No pictures belong in the copy. Retype exactly, and only, the stretch of lines below from the one with "藤井:事業の概要についてご説" through the one with "またまた台風か発生して、接近のおそれが 出ていますね こちらもティアドロップブーケです。".

> **DATA SECTION**:
/---
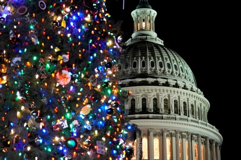 | Le siège du Congrès américain derrière un sapin de Noël, le 1er décembre. |
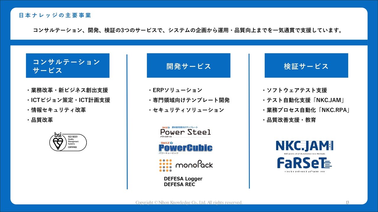 藤井:事業の概要についてご説明します。先ほどもお話ししましたが、当社の柱はコンサルテーションサービス、開発サービス、検証サービスの3つです。当社はもともと開発から始まった会社です。
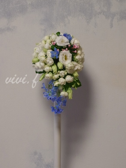 またまた台風か発生して、接近のおそれが 出ていますね こちらもティアドロップブーケです。 フリースタイルコースでの作品です 白の花々に、ブルーのデルフィニウムが 蝶々の様にひらひらと... 北九州 アレンジメント教室 北九州 プリザーブドフラワー教室 北九州市八幡西区 フラワーアレンジメントレッスン 北九州市八幡西区 プリザーブドフラワーレッスン
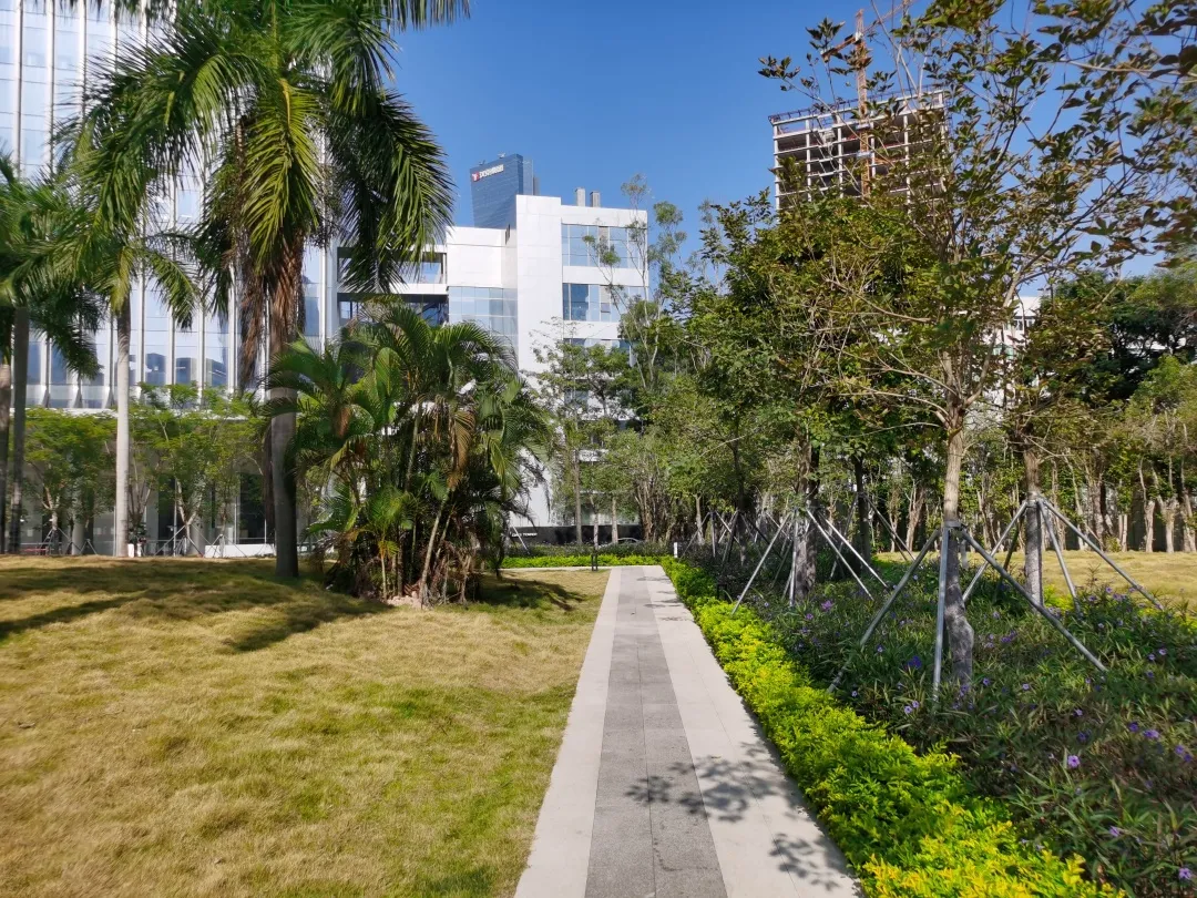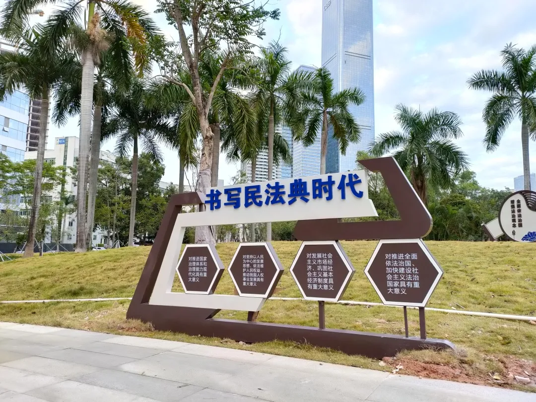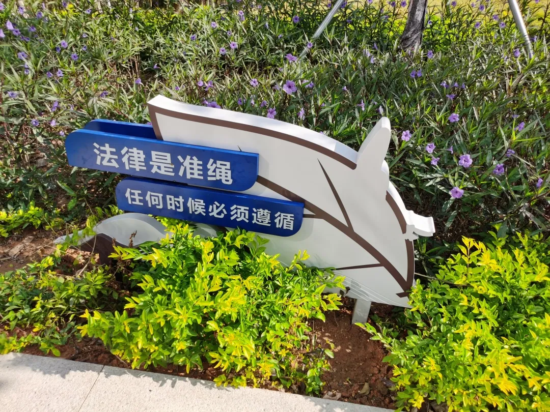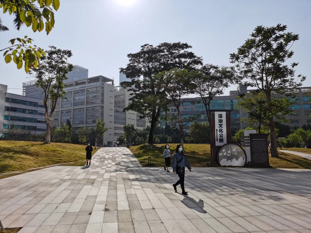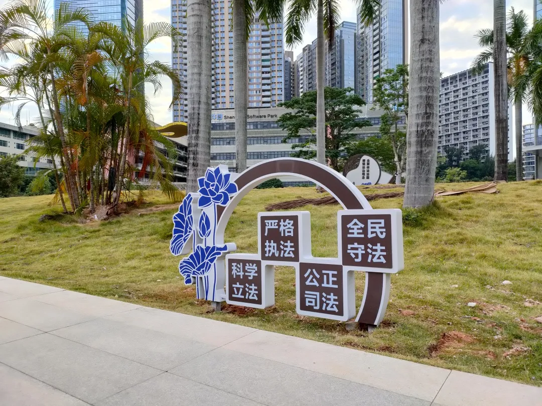 12月2日上午, 高新园片区阳光明媚,凉风徐送。 位于达实大厦大门对面的公园广场上, 随着一条喜庆的红绸被揭下, 粤海街道法治文化公园正式揭牌启用。 粤海街道法治文化公园开园 粤海街道法治文化公园位于高新南七道、科技南二路、科创一路和科创二路的围合区域。 记者看到,公园四周矗立着一栋栋高层办公楼,公园犹如一块绿色翡翠点缀在楼宇丛林中,为周边上班族休憩交流增添了一处怡人去处。 从达实大厦一侧(西北侧)走入公园小径,两侧凤凰木树影婆娑,洒下成片荫翳;其下各色灌木花木葱茏,错落有致;岗坡上绿草铺锦,曦露闪烁着晨辉,分外清新。 许多上班族都选择从这里穿梭而过,感受早晨草木的气息;也有居民携家带口,在公园藤椅上休憩聊天。 公园融入法治文化处处成景 除了怡人风景,公园还将法治文化融合到景观设计中。印刻着民法典内容的设计小品,矗立在花径边上的宪法宣传栏,随处可见的标语设计牌……各类与花草相谐的设计让人在流连美景中得到教育和熏陶。 该主题公园是粤海街道建设常态化法治宣传阵地之一,公园将文体休闲与法治文化相结合,将宪法、民法典、法治发展历程等文化内涵融入景观设计中,让居民职工在潜移默化中接受法治教育的熏陶。 交通攻略 公交: 公交站(深港产学研基地) 地铁: 地铁站(9号线粤海门站D出口) 来源:消息报记者卢木盛文/图
\---
> **RESPONSE BELOW**:
 藤井:事業の概要についてご説明します。先ほどもお話ししましたが、当社の柱はコンサルテーションサービス、開発サービス、検証サービスの3つです。当社はもともと開発から始まった会社です。
 またまた台風か発生して、接近のおそれが 出ていますね こちらもティアドロップブーケです。 フリースタイルコースでの作品です 白の花々に、ブルーのデルフィニウムが 蝶々の様にひらひらと... 北九州 アレンジメント教室 北九州 プリザーブドフラワー教室 北九州市八幡西区 フラワーアレンジメントレッスン 北九州市八幡西区 プリザーブドフラワーレッスン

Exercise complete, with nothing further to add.